## Work item
Because the images are not wanted, restate every line below word for word without them.

## Supplied information
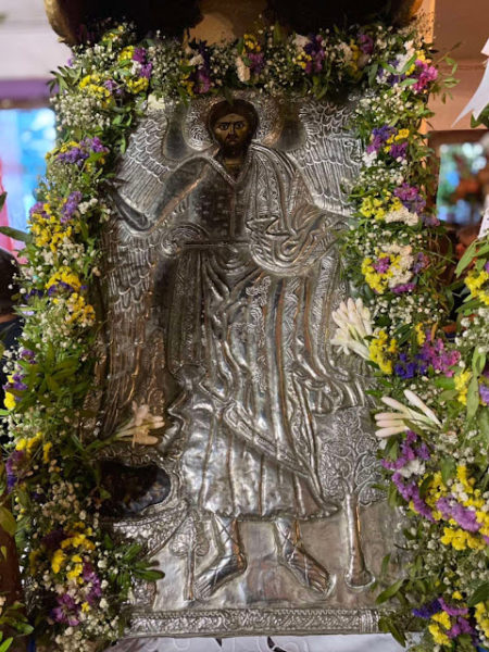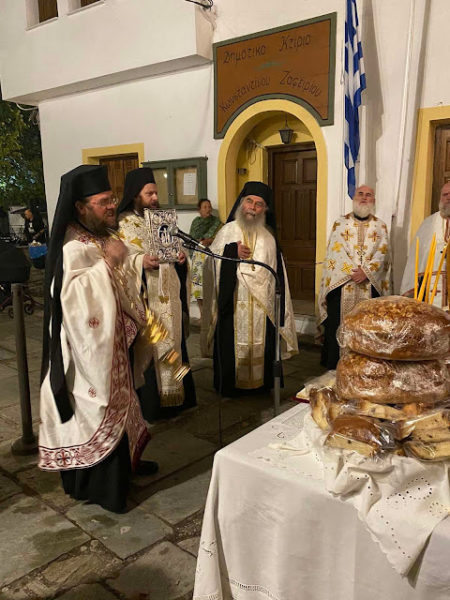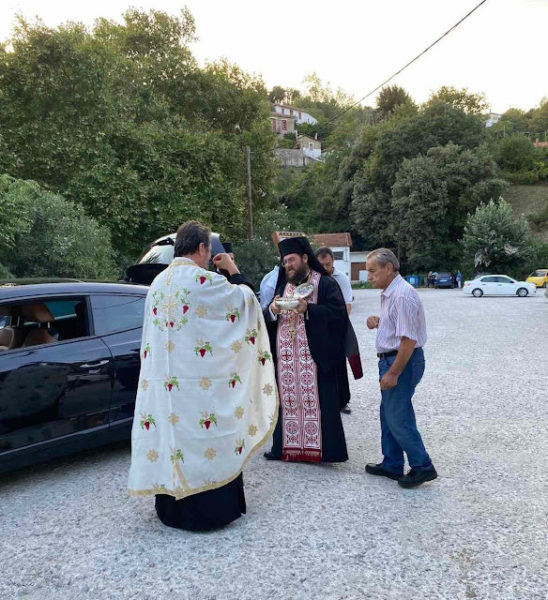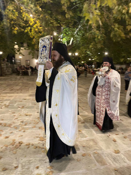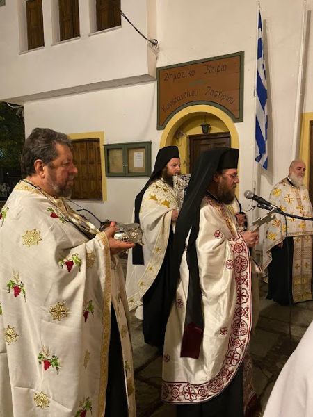Μετά την υποδοχή έγινε ο εόρτιος Εσπερινός, χοροστατούντος του επισκέπτη Καθηγουμένου εκ της Μητροπόλεως Τρίκκης.
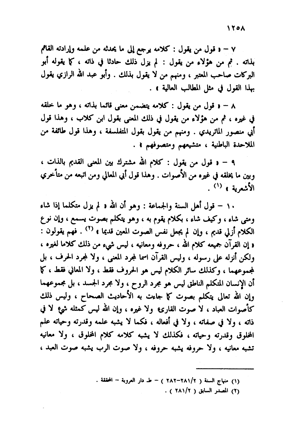 7- "قول من يقولك كلامه يرجع إلى ما يحدثه من علمه وإرادته القائم بذاته. ثم من هؤلاء من يقول: لم يزل ذلك حادثا في ذاته، كما يقوله أبو البركات صاحب المعتبر، ومنهم من لا يقول بذلك. وأبو عبد الله الرازي يقول بهذا القول في مثل المطالب العالية".
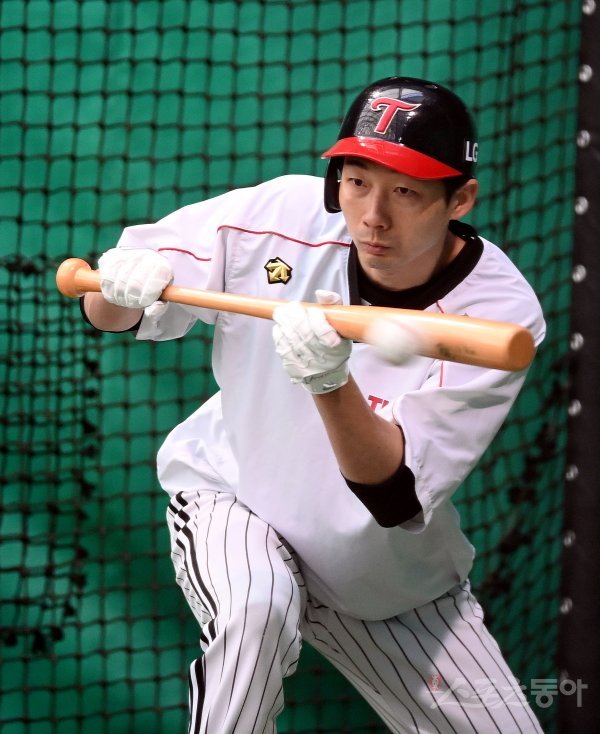 23일 경기도 이천 LG챔피언스파크에서 프로야구 LG 트윈스의 2021 스프링캠프가 열렸다. LG 김용의가 번트훈련을 펼치고 있다.

## Result for this task
Μετά την υποδοχή έγινε ο εόρτιος Εσπερινός, χοροστατούντος του επισκέπτη Καθηγουμένου εκ της Μητροπόλεως Τρίκκης.
 7- "قول من يقولك كلامه يرجع إلى ما يحدثه من علمه وإرادته القائم بذاته. ثم من هؤلاء من يقول: لم يزل ذلك حادثا في ذاته، كما يقوله أبو البركات صاحب المعتبر، ومنهم من لا يقول بذلك. وأبو عبد الله الرازي يقول بهذا القول في مثل المطالب العالية".
 23일 경기도 이천 LG챔피언스파크에서 프로야구 LG 트윈스의 2021 스프링캠프가 열렸다. LG 김용의가 번트훈련을 펼치고 있다.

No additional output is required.